[Provided data Boundary: Start]

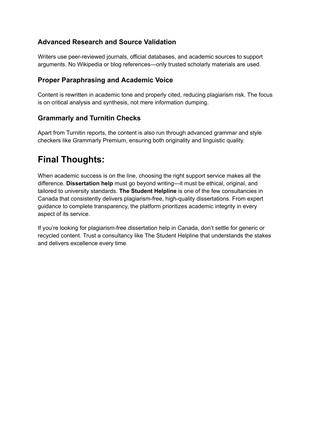 The Student Helpline: Your Trusted Source for Plagiarism-Free Dissertation Help in Canada When it comes to professional, plagiarism-free dissertation writing in Canada, The Student Helpline stands out for its reliability, quality, and strict adherence to academic integrity. Why Choose The Student Helpline? 1. 100% Original Dissertations Every dissertation is custom-written after detailed consultation with the student. The content is built from scratch, ensuring full originality and zero duplication. 2. Detailed Plagiarism Report Provided To maintain transparency, The Student Helpline provides a Turnitin report with every dissertation order. This allows students to confidently submit their work to universities. 3. Highly Qualified Academic Experts The consultancy employs experienced PhD scholars and researchers who understand the nuances of academic writing. Their expertise ensures that every dissertation aligns with the academic expectations of Canadian universities. 4. University-Specific Formatting and Referencing
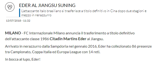 "FC Internazionale Milano annuncia il trasferimento a titolo definitivo dell'attaccante classe 1986 Citadin Martins Eder al Jiangsu. Arrivato in nerazzurro dalla Sampdoria...
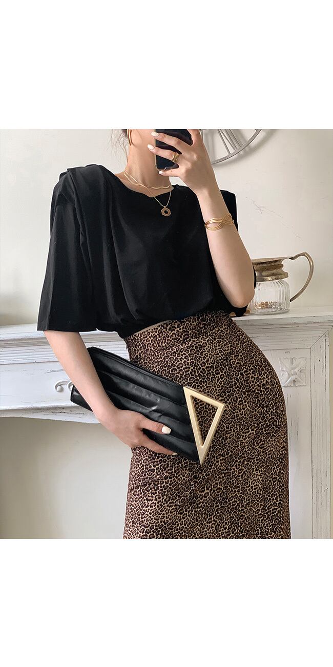 スタンダードスタイルラウンドネックスリーブTシャツ ハイウェストウェストレオパードプリント柄スカート サマー レトロ 夏物 Oネック 韓国婦人61881190754
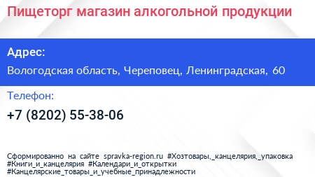 Пищеторг, магазин алкогольной продукции по адресу Вологодская область, Череповец, Ленинградская, 60 в дальнейшем Организация, размещена в следующих категориях:
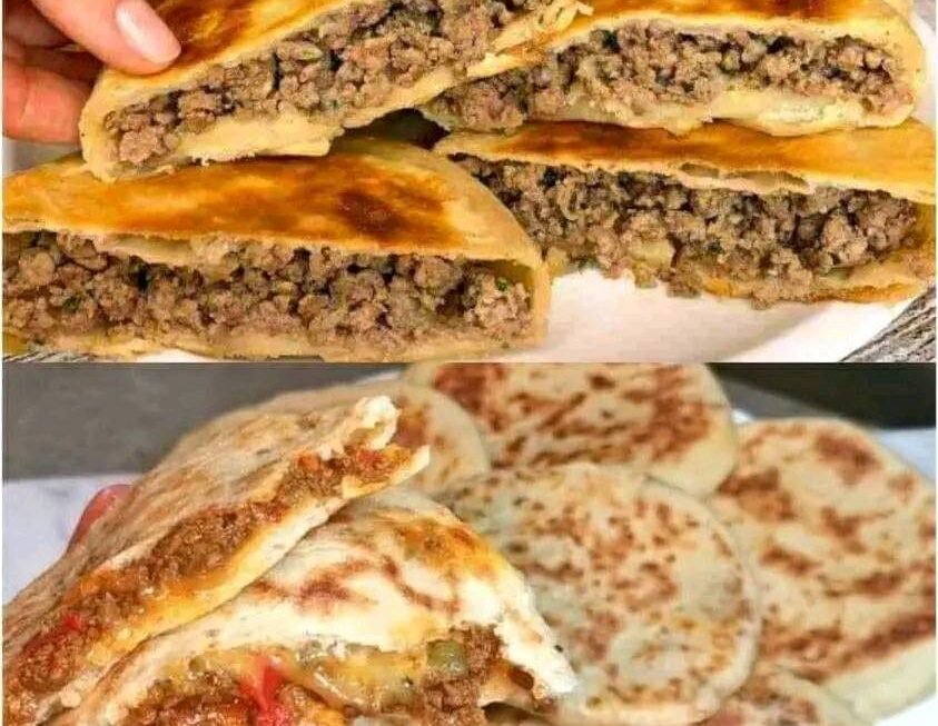 Méga délicieux gâteaux plats remplis de viande hachée à manger jusqu’à satiété
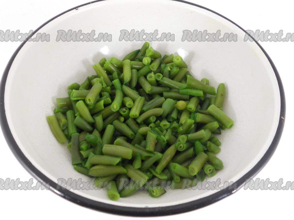 Зеленую фасоль залить водой и поставить на огонь. Варить 6-8 минут после закипания, после чего откинуть на дуршлаг и промыть холодной водой. Дать воде стечь и поместить фасоль в глубокую миску.
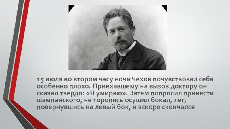 Слайд 2015 июля во втором часу ночи Чехов почувствовал себя особенно плохо.
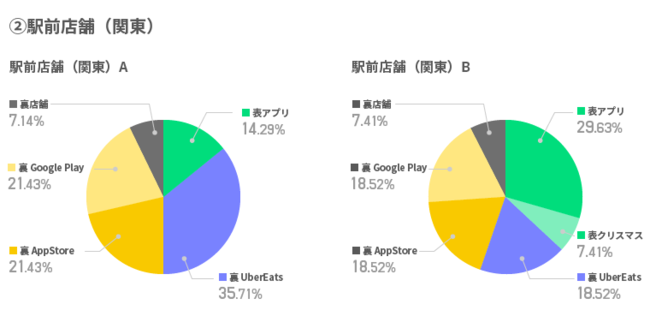 クリスマスメニューが多く読まれるエリア、グランドメニューが多く読まれるエリア、公式アプリへのアクセスが多いエリア、デリバリーが多いエリア、クリエイティブによる反響など、エリアにより読み込まれるコンテンツに差が発生した結果になりました。特に、駅前店舗ではデリバリー需要が高く、かつ関東ではUber Eats(35.7%)、関西では出前館(19.5%)が多く読み込まれるなど、同じ駅前店舗でも利用意向が異なることが判明しました。

[Provided data Boundary: End]

What is being asked:
When you transcribe the entries above, begin at their first line, end with the line containing "Пищеторг, магазин алкогольной", and copy each line exactly without any picture.

Answer:
 The Student Helpline: Your Trusted Source for Plagiarism-Free Dissertation Help in Canada When it comes to professional, plagiarism-free dissertation writing in Canada, The Student Helpline stands out for its reliability, quality, and strict adherence to academic integrity. Why Choose The Student Helpline? 1. 100% Original Dissertations Every dissertation is custom-written after detailed consultation with the student. The content is built from scratch, ensuring full originality and zero duplication. 2. Detailed Plagiarism Report Provided To maintain transparency, The Student Helpline provides a Turnitin report with every dissertation order. This allows students to confidently submit their work to universities. 3. Highly Qualified Academic Experts The consultancy employs experienced PhD scholars and researchers who understand the nuances of academic writing. Their expertise ensures that every dissertation aligns with the academic expectations of Canadian universities. 4. University-Specific Formatting and Referencing
 "FC Internazionale Milano annuncia il trasferimento a titolo definitivo dell'attaccante classe 1986 Citadin Martins Eder al Jiangsu. Arrivato in nerazzurro dalla Sampdoria...
 スタンダードスタイルラウンドネックスリーブTシャツ ハイウェストウェストレオパードプリント柄スカート サマー レトロ 夏物 Oネック 韓国婦人61881190754
 Пищеторг, магазин алкогольной продукции по адресу Вологодская область, Череповец, Ленинградская, 60 в дальнейшем Организация, размещена в следующих категориях:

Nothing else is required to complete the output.